**Material provided:**
══════════════════════════════

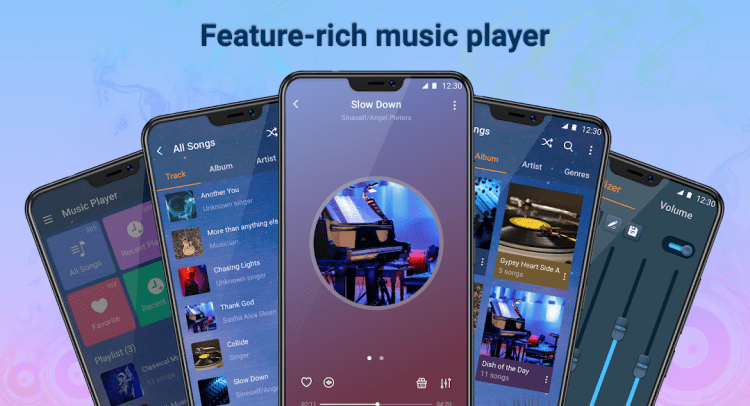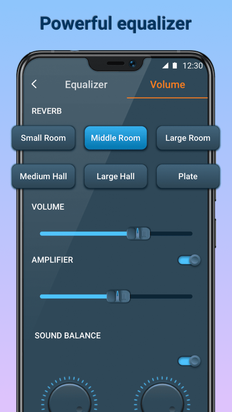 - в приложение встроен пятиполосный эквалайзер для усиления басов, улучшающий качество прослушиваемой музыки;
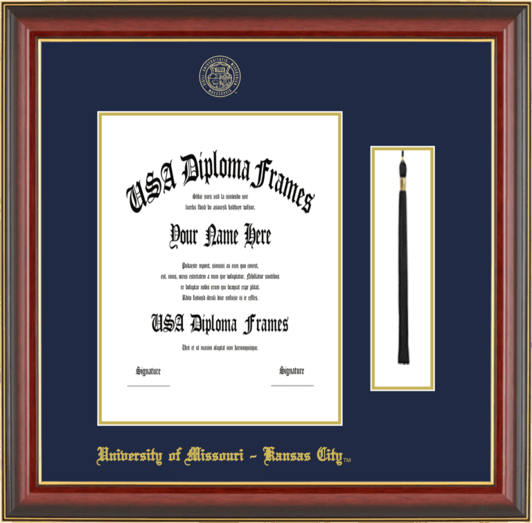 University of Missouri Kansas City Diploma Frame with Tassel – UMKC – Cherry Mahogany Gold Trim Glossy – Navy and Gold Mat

══════════════════════════════

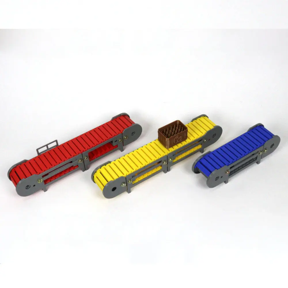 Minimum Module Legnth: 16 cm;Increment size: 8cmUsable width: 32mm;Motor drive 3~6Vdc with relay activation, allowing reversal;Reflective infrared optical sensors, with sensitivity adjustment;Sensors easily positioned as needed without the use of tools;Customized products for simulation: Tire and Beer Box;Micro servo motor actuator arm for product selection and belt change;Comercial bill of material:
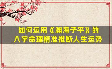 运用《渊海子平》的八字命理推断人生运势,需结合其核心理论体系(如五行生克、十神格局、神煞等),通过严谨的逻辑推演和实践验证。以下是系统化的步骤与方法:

══════════════════════════════

**Work to complete:** Although pictures appear among the entries, please set down only the lines from the one with "Minimum Module Legnth: 16" up to and including the one with "运用《渊海子平》的八字命理推", word for word.

**Exercise output:**
 Minimum Module Legnth: 16 cm;Increment size: 8cmUsable width: 32mm;Motor drive 3~6Vdc with relay activation, allowing reversal;Reflective infrared optical sensors, with sensitivity adjustment;Sensors easily positioned as needed without the use of tools;Customized products for simulation: Tire and Beer Box;Micro servo motor actuator arm for product selection and belt change;Comercial bill of material:
 运用《渊海子平》的八字命理推断人生运势,需结合其核心理论体系(如五行生克、十神格局、神煞等),通过严谨的逻辑推演和实践验证。以下是系统化的步骤与方法:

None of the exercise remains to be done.